* **WHAT THE TASK REQUIRES**: Only the lines below from the one with "This document allows" through the one with "For OPPO A96" are to be written out, exactly and without any images.
--------------------------------------------------
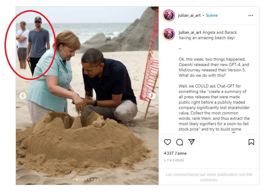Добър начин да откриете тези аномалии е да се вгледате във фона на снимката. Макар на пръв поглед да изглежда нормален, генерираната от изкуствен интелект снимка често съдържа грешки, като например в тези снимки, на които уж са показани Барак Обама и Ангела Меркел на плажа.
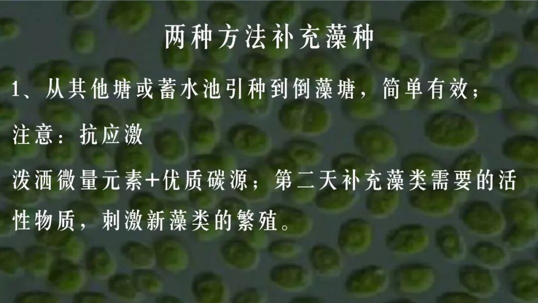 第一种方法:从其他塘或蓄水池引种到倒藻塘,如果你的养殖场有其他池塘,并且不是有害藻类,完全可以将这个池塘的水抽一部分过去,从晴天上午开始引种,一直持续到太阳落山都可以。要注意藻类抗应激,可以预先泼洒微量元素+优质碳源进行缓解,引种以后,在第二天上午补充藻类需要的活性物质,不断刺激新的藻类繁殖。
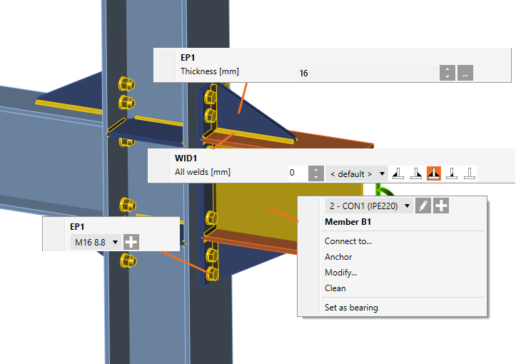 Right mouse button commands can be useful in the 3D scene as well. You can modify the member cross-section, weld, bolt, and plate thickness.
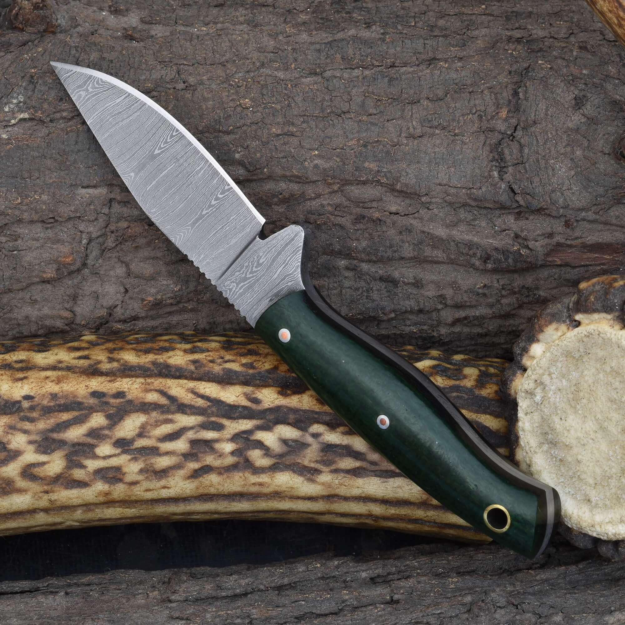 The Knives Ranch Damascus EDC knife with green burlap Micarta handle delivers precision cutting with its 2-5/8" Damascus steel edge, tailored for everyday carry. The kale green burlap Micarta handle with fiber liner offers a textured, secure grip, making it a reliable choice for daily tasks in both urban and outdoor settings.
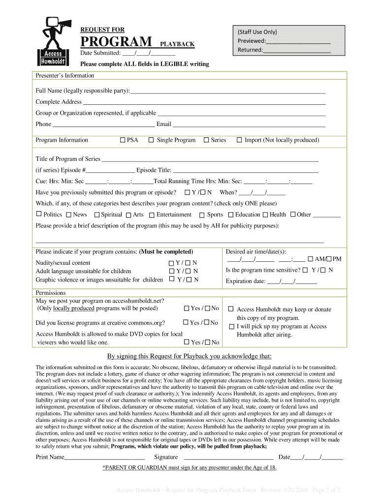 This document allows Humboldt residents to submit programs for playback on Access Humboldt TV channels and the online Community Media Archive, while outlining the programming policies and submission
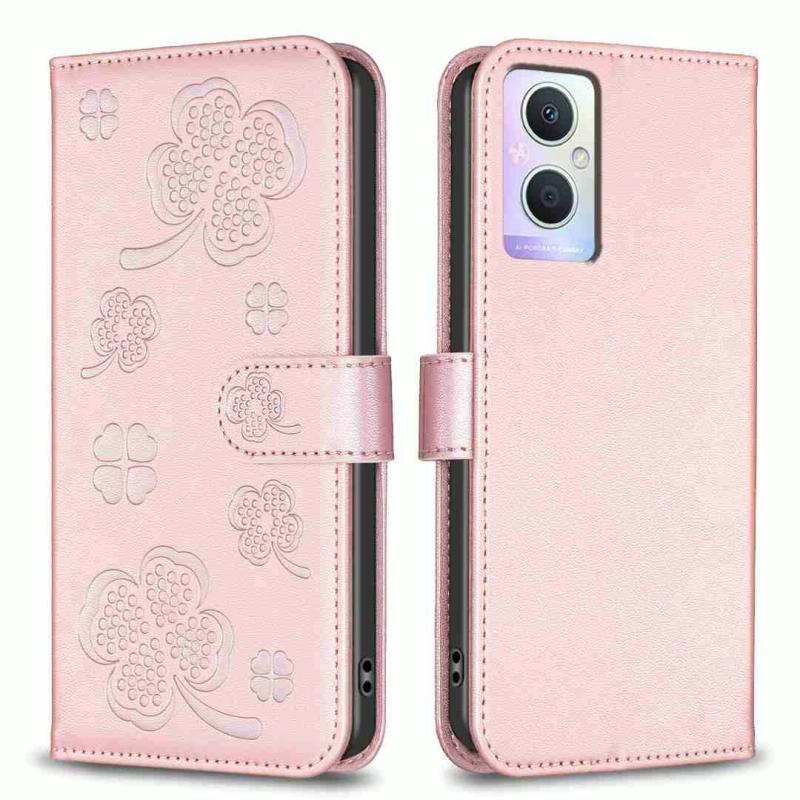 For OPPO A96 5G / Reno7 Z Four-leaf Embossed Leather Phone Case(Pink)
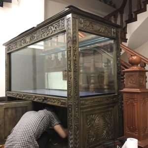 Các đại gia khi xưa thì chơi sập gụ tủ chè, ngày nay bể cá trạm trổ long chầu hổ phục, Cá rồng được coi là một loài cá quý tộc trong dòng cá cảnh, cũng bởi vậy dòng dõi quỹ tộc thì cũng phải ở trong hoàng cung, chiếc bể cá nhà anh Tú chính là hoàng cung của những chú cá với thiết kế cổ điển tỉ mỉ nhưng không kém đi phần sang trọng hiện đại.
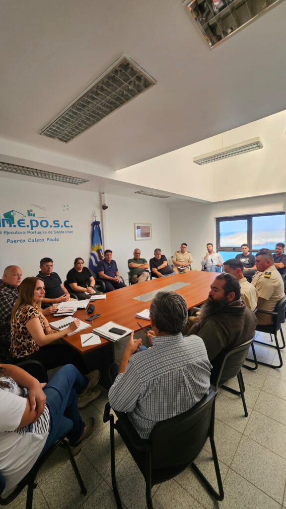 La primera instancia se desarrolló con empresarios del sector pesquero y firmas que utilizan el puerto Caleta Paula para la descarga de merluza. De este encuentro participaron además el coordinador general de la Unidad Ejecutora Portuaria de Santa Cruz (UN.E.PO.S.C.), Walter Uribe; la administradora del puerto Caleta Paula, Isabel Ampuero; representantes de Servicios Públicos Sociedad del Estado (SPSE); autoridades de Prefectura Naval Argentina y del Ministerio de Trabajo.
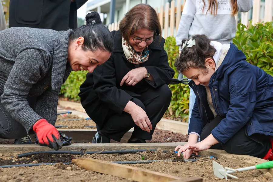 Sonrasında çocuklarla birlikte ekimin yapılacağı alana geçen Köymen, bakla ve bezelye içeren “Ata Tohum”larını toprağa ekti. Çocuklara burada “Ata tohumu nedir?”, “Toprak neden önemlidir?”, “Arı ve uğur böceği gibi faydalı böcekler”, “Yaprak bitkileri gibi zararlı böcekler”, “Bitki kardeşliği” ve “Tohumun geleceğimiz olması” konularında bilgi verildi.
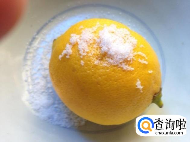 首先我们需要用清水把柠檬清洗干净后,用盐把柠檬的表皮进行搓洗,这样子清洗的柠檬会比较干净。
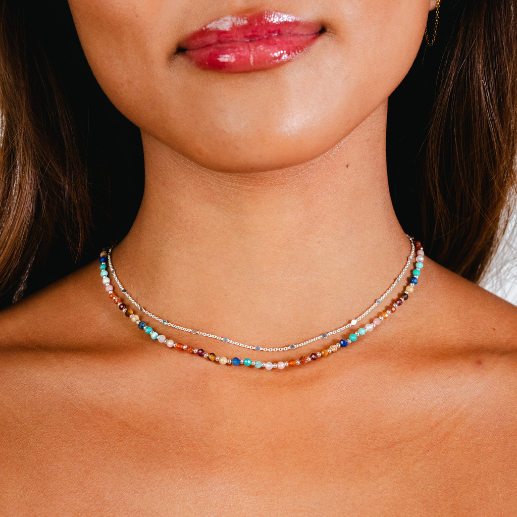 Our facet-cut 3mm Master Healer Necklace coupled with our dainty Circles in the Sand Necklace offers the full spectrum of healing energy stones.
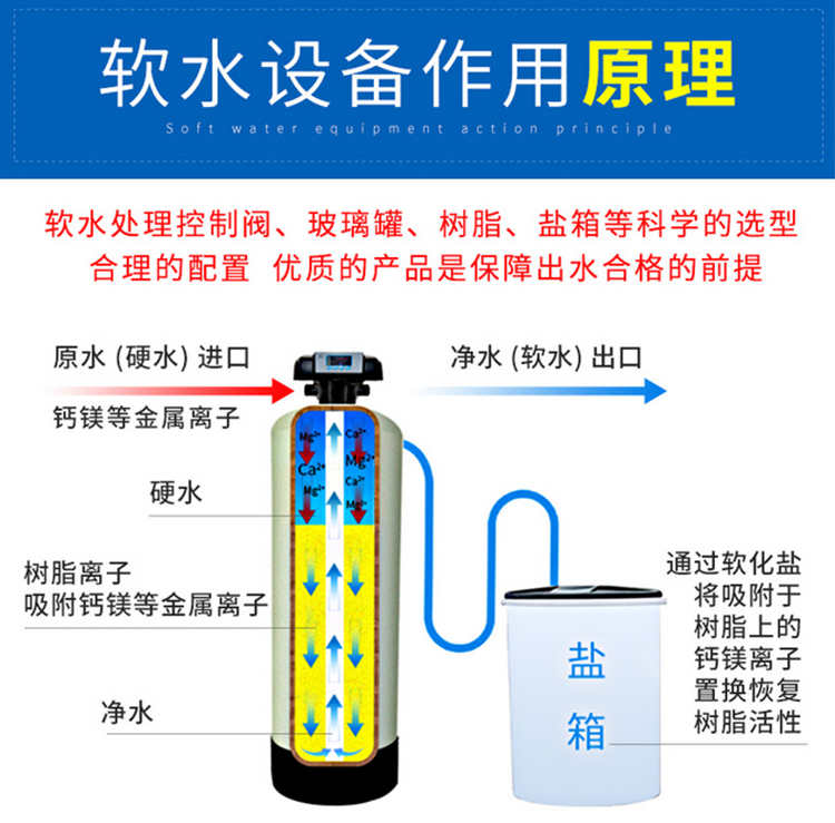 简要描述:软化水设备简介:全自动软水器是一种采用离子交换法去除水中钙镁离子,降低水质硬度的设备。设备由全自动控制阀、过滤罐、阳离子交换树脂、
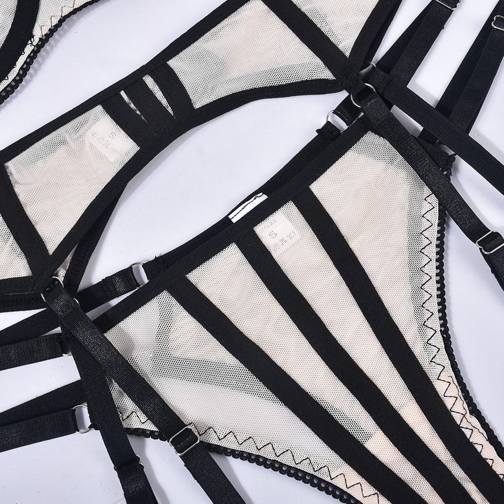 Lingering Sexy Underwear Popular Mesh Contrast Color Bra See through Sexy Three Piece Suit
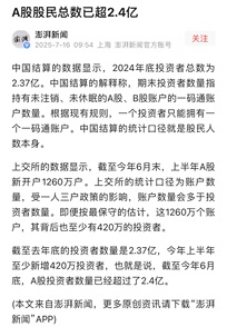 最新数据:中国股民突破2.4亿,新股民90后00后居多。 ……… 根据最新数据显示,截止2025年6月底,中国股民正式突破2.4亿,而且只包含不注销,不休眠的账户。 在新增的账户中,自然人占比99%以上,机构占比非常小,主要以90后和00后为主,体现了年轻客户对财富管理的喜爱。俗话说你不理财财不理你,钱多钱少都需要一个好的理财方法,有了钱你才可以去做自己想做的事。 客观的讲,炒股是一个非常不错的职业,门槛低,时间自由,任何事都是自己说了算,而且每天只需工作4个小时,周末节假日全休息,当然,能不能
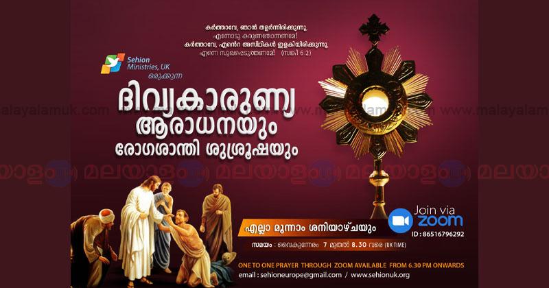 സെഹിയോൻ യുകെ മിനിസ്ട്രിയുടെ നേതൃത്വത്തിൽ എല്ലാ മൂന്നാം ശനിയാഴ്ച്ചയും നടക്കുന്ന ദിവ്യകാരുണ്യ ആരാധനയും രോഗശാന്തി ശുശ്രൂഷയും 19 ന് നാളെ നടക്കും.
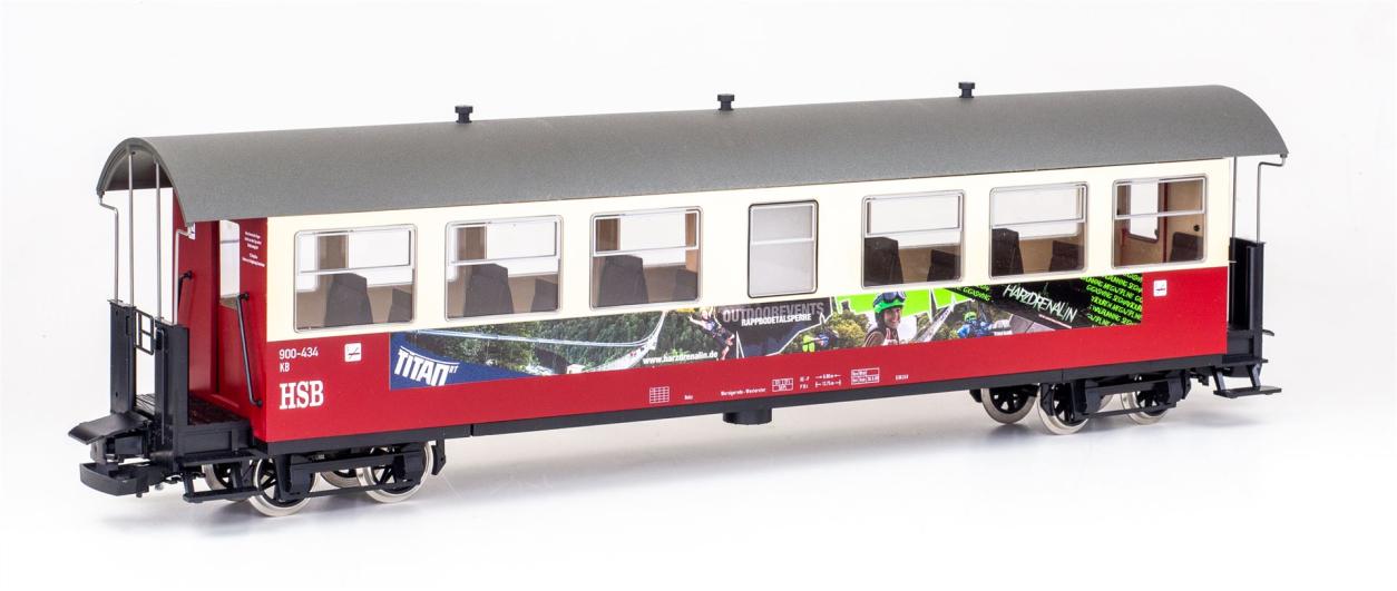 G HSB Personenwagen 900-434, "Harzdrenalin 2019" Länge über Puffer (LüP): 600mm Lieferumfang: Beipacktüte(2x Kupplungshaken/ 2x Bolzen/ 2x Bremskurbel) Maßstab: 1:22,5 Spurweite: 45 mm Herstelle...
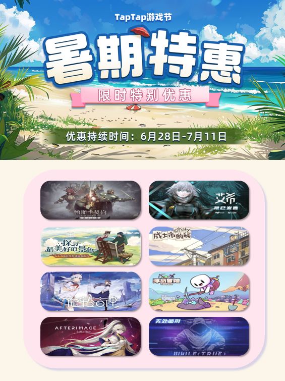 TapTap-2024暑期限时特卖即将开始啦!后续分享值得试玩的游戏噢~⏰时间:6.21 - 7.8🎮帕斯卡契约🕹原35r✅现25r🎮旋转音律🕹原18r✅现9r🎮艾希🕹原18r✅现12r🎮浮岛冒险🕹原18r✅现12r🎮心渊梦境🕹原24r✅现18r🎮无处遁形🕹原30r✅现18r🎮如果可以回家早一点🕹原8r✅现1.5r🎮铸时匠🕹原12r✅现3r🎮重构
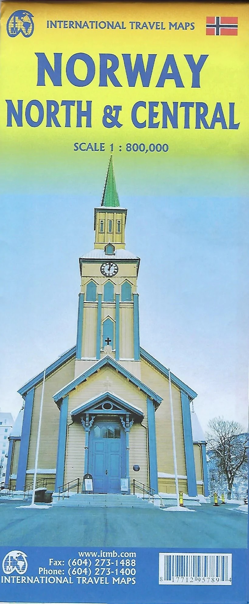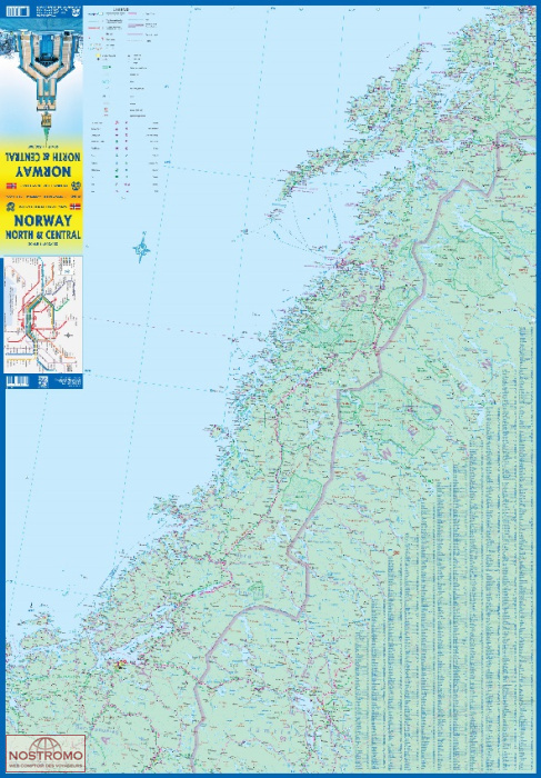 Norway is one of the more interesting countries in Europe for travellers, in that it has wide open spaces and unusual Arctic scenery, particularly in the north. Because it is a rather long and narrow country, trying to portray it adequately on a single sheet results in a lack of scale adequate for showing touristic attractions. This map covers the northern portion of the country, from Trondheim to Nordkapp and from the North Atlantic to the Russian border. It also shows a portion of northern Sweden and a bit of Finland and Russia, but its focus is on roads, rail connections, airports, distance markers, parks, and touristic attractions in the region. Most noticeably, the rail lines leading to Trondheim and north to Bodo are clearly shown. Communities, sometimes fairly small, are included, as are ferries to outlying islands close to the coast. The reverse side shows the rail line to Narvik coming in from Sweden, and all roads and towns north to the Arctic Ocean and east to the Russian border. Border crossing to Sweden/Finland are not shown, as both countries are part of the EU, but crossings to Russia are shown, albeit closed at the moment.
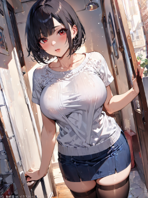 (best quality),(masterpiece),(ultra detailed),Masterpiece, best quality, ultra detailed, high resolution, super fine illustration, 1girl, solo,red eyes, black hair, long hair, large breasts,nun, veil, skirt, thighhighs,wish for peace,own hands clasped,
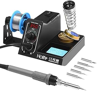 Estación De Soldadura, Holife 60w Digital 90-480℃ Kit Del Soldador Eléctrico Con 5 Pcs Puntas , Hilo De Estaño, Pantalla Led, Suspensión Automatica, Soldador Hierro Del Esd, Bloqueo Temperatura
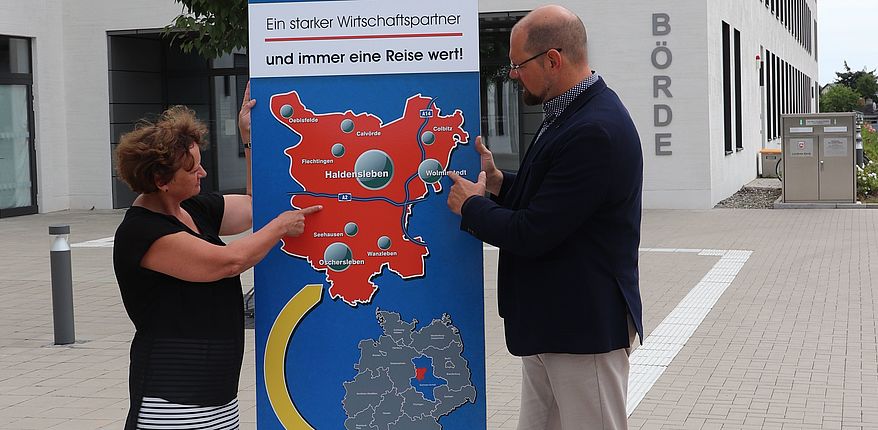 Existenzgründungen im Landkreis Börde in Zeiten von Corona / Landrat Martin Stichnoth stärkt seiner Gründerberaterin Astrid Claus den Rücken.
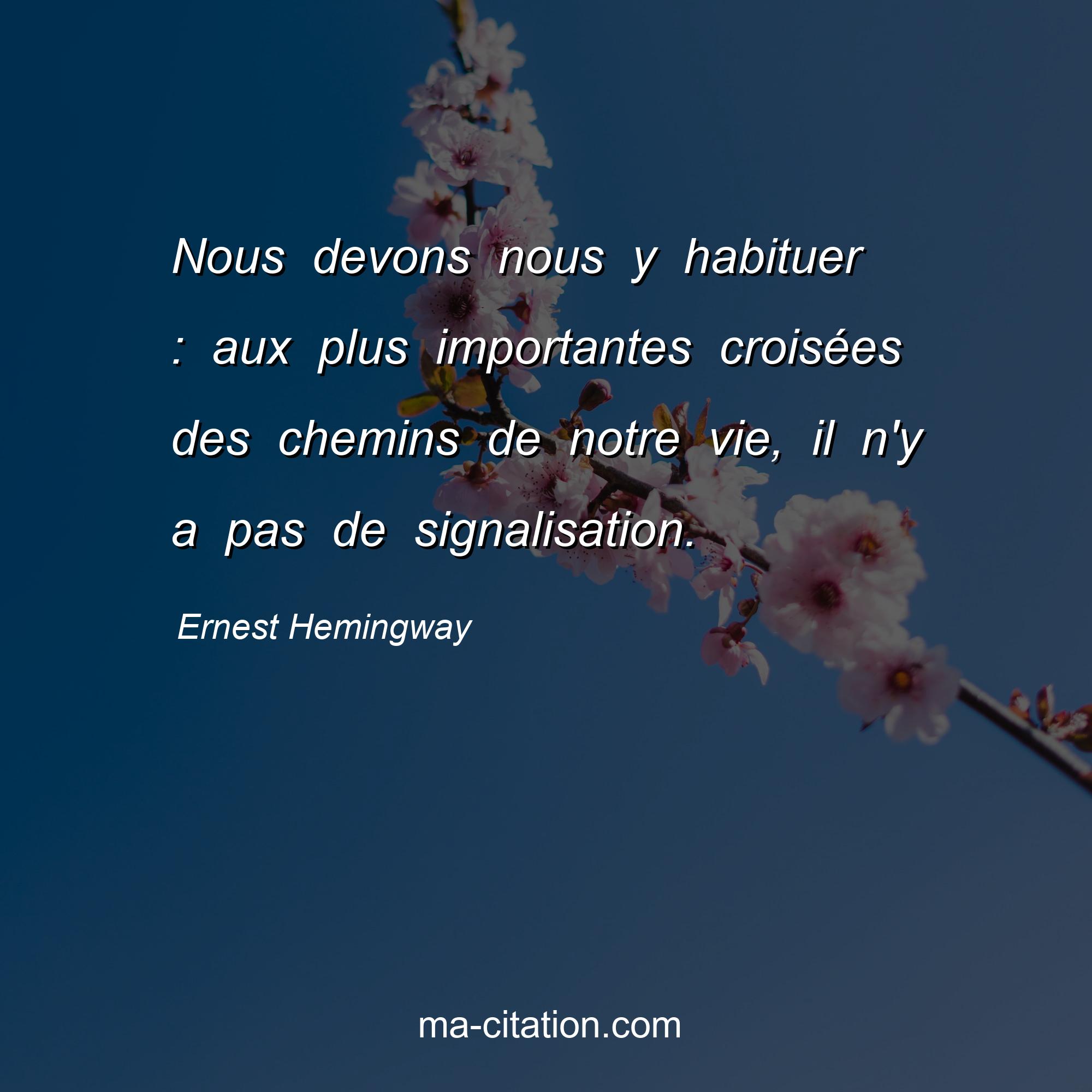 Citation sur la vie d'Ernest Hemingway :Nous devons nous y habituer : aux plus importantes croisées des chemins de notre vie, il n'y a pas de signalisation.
--------------------------------------------------
* **ANSWER TO THE EXERCISE**:
 This document allows Humboldt residents to submit programs for playback on Access Humboldt TV channels and the online Community Media Archive, while outlining the programming policies and submission
 For OPPO A96 5G / Reno7 Z Four-leaf Embossed Leather Phone Case(Pink)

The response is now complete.